2004-11-27 Thread g. michele pinna
Apologies if you receive multiple copies of this mail

 Ninth Italian Conference on
 Theoretical Computer Science (ICTCS'05)
  Certosa di Pontignano (Siena), Italy
   October 12 - 14, 2005
 Preliminary Call for Papers
The Ninth Italian Conference on Theoretical Computer
Science will take place at the Certosa di Pontignano
(Siena), Italy. Papers presenting original contributions
in any area of theoretical computer science are being
sought.

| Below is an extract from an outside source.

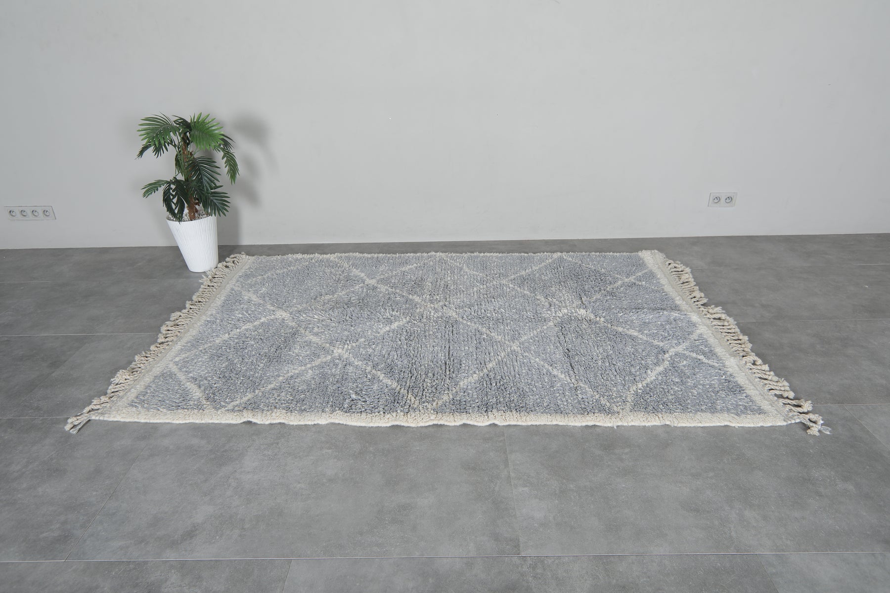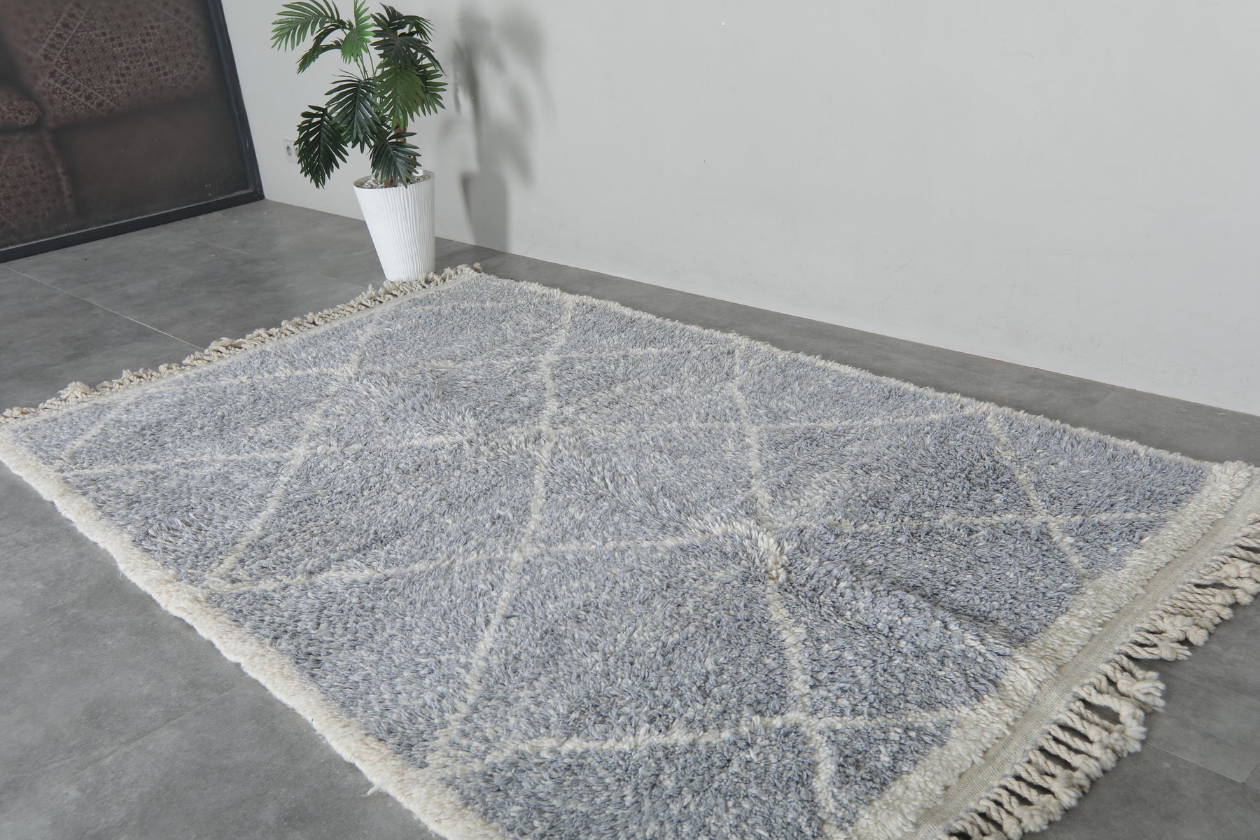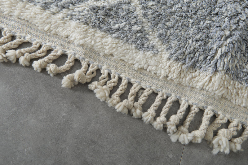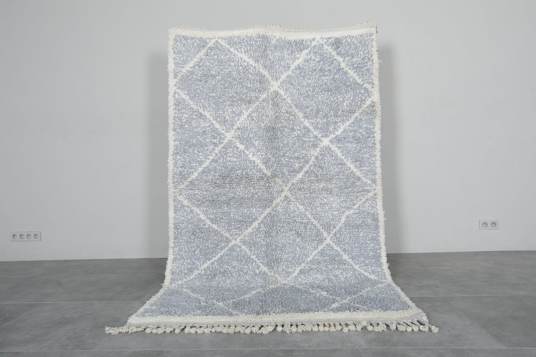Enhance your home with this Hand-Knotted Moroccan Wool Rug, sized at 5 x 7.8 feet (153 CM x 238 CM). Featuring a timeless diamond pattern in soft gray and ivory, this plush, high-quality rug blends traditional Moroccan craftsmanship with modern elegance.

Topics include (but are not limited to):
analysis and design of algorithms,
computability,
computational complexity,
cryptography,
formal languages and automata,
foundations of programming languages and program analysis,
foundations of artificial intelligence and knowledge representation,
foundations of web programming
natural computing paradigms (quantum computing, bioinformatics),
parallel and distributed computation,
program specification and verification,
term rewriting,
theory of concurrency,
theory of data bases,
theory of logical design and layout,
type theory,
security,
symbolic and algebraic computation,
Program Committee:
Michele Bugliesi (Venezia),
Mario Coppo (Torino, Co-Chair),
Pierluigi Crescenzi (Firenze),
Giulia Galbiati (Pavia)
Luisa Gargano (Salerno),
Giorgio Ghelli  (Pisa),
Roberto Grossi (Pisa),
Benedetto Intrigila  (L'Aquila),
Nicola Leone   (Cosenza),
Elena Lodi (Siena, Co-Chair),
Flaminia Luccio (Trieste),
Andrea Masini  (Verona),
Giancarlo Mauri (Milano),
Corrado Priami  (Trento),
Geppino Pucci (Padova),
Davide Sangiorgi (Bologna).
Organizing Committee:
S. Brunetti (Siena),
G. Michele Pinna (Cagliari - Siena, Chair),
E.B.P. Tiezzi (Siena).
Invited Speakers:
Three invited speakers are foreseen.
Names have to be announced.
Dates and Deadlines:
Submission Deadline: 15 April 2005
Acceptance Notification: 7 June 2005
Camera-ready deadline: 2 July 2005
Early registration deadline: 16 September 2005
Conference:  12-14 October 2005
Submissions:
Authors are invited to submit electronically
one copy of their extended abstract, not exceeding
twelve pages. The extended abstract should
clearly indicate the results achieved, their significance,
and their relation to other work in the area. It
is planned to publish the proceedings in the Springer
Lecture Notes in Computer Science series. It is recommended
to use Latex and the Springer LNCS style
www.springer.de/comp/lncs.
The web-based submission form will be announced soon.

Conference Page:
This preliminary Call For Papers is available
online at the conference web page
ictcs05.dsmi.unisi.it
Registration Details:
The registration form will be reachable from the
conference web page. A limited number of grants for students
and young researchers covering the registration fees are
available. Details for the applications are in the
conference web page.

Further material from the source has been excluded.